Also I have been told by several people now, that a standard poodle's don't need to be on puppy food for very long. My boy Sting is on Health Wise adult already at 3 months old. You want your standard to grow gradually not durastically like puppy food seems to contribute too. Some breeder's never feed puppy food to puppies. I guess it depends on hands on experience. Sting is feeding better now that he is on adult vs puppy. He is much more satisfied.


----------



## SECRETO (Aug 20, 2008)

On the weight issue, I say go by the weight chart that your food gives. If she still seems like she needs a few more pounds then increase the amount a little. I personally don't think she sounds under weight at 10 months but you can put your hand's on her and determine if she can use a little more weight or not. Eli grew a lot his 11 month. I think right now he weigh's 53 lbs maybe even 54 since he's been eating better. 

Anyhow, hope some of this info helped a bit. Oh, how often do you feed daily?


----------



## roxy25 (Dec 18, 2008)

SECRETO said:


> Also I have been told by several people now, that a standard poodle's don't need to be on puppy food for very long. My boy Sting is on Health Wise adult already at 3 months old. You want your standard to grow gradually not durastically like puppy food seems to contribute too. Some breeder's never feed puppy food to puppies. I guess it depends on hands on experience. Sting is feeding better now that he is on adult vs puppy. He is much more satisfied.

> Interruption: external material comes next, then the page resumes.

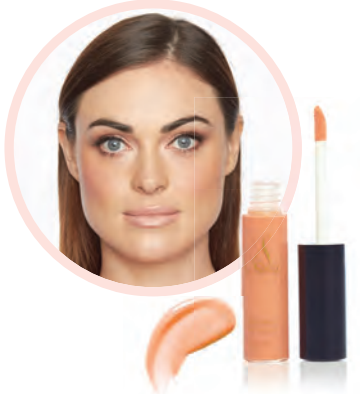
PINK PEARL | SKU# MNG605

Is this True ? Should we switch Enzo to Evo ? right now we have him on innova puppy we where planing to feed him this as an adult or should we feed innova adult ?


----------



## tannerokeefe (Dec 14, 2008)

op2:


----------



## SECRETO (Aug 20, 2008)

roxy25 said:


> Is this True ? Should we switch Enzo to Evo ? right now we have him on innova we where planing to feed him this as an adult or should we feed innova adult ?



Thats what I have been told from breeder's that have been breeding dogs for years. Some people will swear by feeding puppy food until after a year and I used to think that was best too. I gradually switched Sting to adult over a week and we had 0 complication's and he's a changed puppy. Before the switch was complete, he acted like I starved him....badly! I know puppies think there always hungry but he was extreme. Now I feed him 1 cup in the morning and 1 cup at night. He feel's more solid now and he's a happier puppy. Not at all over weight. I also fed Eli adult from 11 weeks old. From what I understand this is more an ussue with larger breed's not small or medium breeds. The owner of the petstore I buy my food at says the same thing. It works great for my dogs.


----------



## roxy25 (Dec 18, 2008)

SECRETO said:


> Thats what I have been told from breeder's that have been breeding dogs for years. Some people will swear by feeding puppy food until after a year and I used to think that was best too. I gradually switched Sting to adult over a week and we had 0 complication's and he's a changed puppy. Before the switch was complete, he acted like I starved him....badly! I know puppies think there always hungry but he was extreme. Now I feed him 1 cup in the morning and 1 cup at night. He feel's more solid now and he's a happier puppy. Not at all over weight. I also fed Eli adult from 11 weeks old. From what I understand this is more an ussue with larger breed's not small or medium breeds. The owner of the petstore I buy my food at says the same thing. It works great for my dogs.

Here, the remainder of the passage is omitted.